The ATD/NADA Official Commercial Truck Guidelines for December 2011 is now available, with the class 8 sleeper market cooling down after 2 full years of growth and with evidence of a price ceiling in the retail market for late-model trucks. 2011 average pricing is still crushing the previous three years; the NADA outlook is still strong. To read the full Guidelines, download them here.
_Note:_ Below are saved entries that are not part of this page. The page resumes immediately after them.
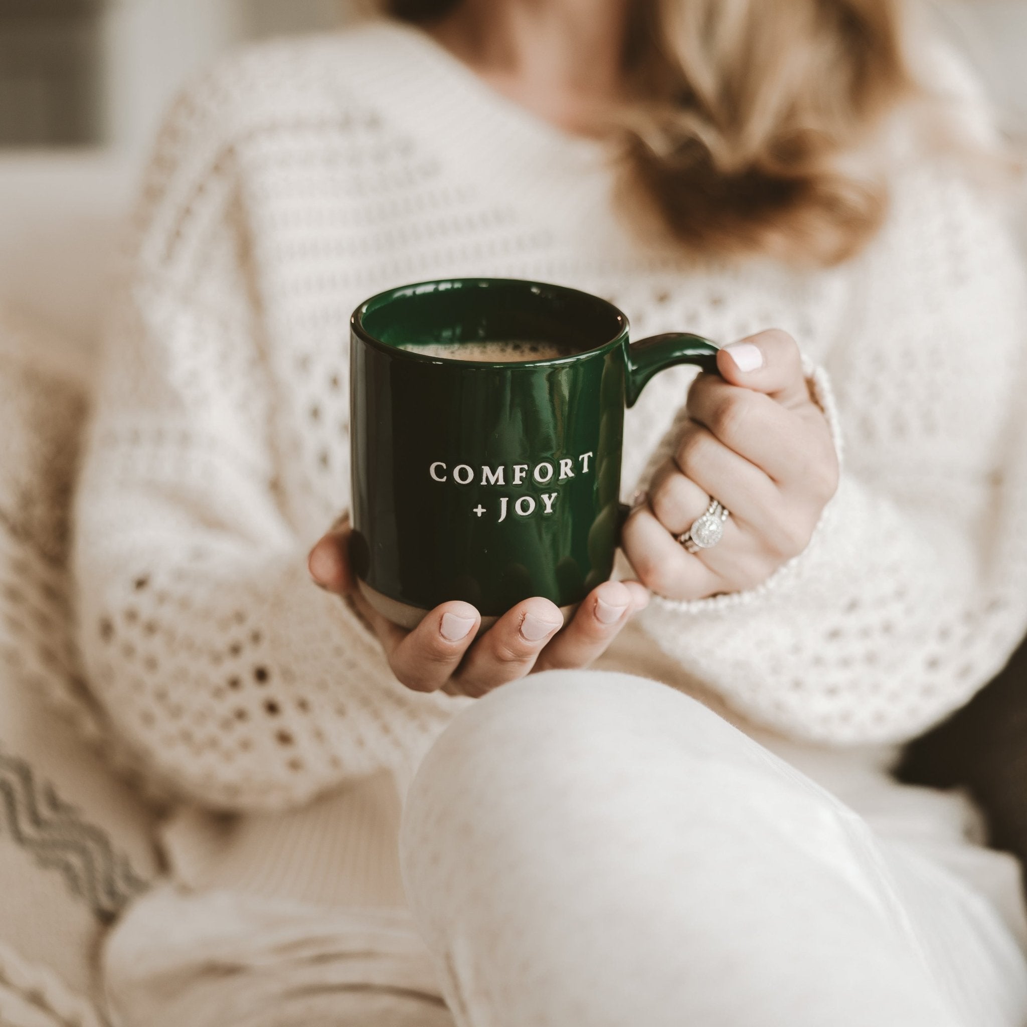 Make Christmas a little more cheerful this year with our Comfort and Joy green stoneware coffee mug. The sleek and modern design is crafted in green glazed stoneware with white debossed lettering, making it both stylish and durable. This festive Christmas coffee mug is perfect for morning coffee, afternoon tea, or a cup of hot cocoa by the fire. It's fun, beautiful and functional! Get one for yourself to bring some holiday cheer to your coffee bar or buy one as a Christmas gift!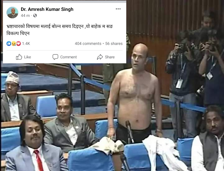 काठमाडौ । सोमबार दिउँसो प्रतिनिधिसभा सदस्य डा.अमरेशकुमार सिंहले संसद्मा कपडा खोलेका छन । सभामुख देवराज घिमिरेले सभ्यताका साथ आफ्ना कुराहरू राख्न चेतावनी दिए । विशेष समय नछुट्याई सभामुख घिमिरेले नियमित कारबाहीमा जान्छौं भनेपछि उनले कपडा खोलेर विरोध जनाएका थिए । त्यसपछि सांसद सिंह अहिले बैठकस्थलबाट बाहिए । बाहिर निस्केपछि घटनाको बिसयमा समाजिक संजालमा लेखेका छन्, `भ्रष्टाचारको विषयमा मलाई बोल्न समय दिइएन, यो बाहेक मसङग विकल्प थिएन।´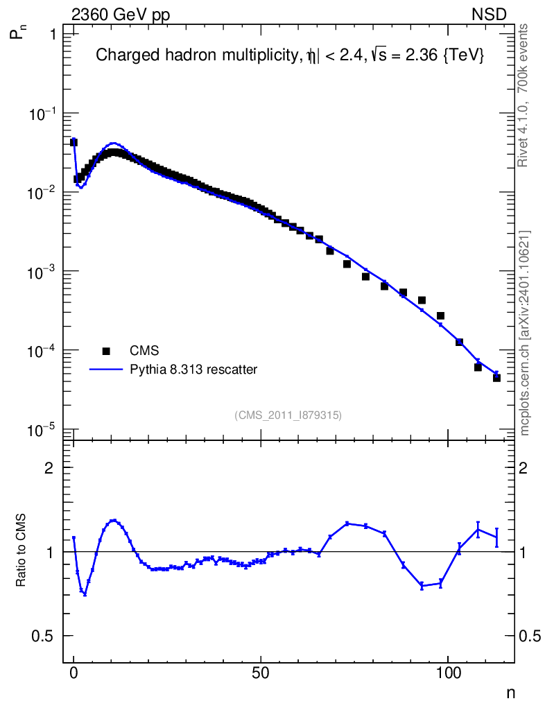 Lines: data, pythia8 8.313 rescatter |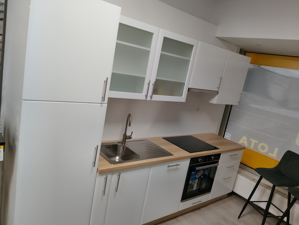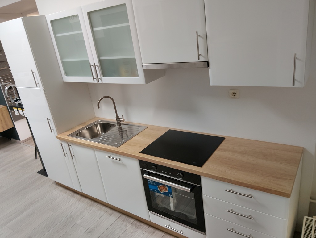Kuhinja Modern, proizvajalca JELA, je na voljo v elegantni beli barvi. Gre za moderno, 300 cm široko kuhinjsko postavitev, ki združuje funkcionalnost in sodoben dizajn. Frontne površine so lakirane z visoko obstojnim UV lakom, kar zagotavlja dolgotrajno zaščito, sijajen videz in enostavno čiščenje.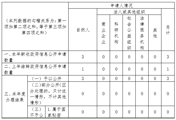 三、收到和处理政府信息公开申请情况

Medium Duty Price and Volume

To follow up on our look at medium duty prices from a few weeks ago, here are those graphs with sales volume added. Again, data reflects trucks that were 3-6 years old at time of sale, so we’re looking at the 2009-2006 model years. Data is auction (AuctionNet) and wholesale (dealer sales reports). As mentioned previously, there aren’t too many conclusions to draw from price. Both segments have been essentially flat all year, reflecting the limited change in performance of their respective markets. On the volume side, we see a minor uptick starting in late spring for the cabover segment. Increased volume along with steady selling prices is mildly encouraging. Looking at conventionals, we see a lot more volatility in volume. This volatility is likely caused by timing of rental fleet lease returns. There was some mildly inverse pricing behavior in those months with big swings in volume, but in general it appears that there is a comfort level with conventional pricing regardless of the number of trucks ava ...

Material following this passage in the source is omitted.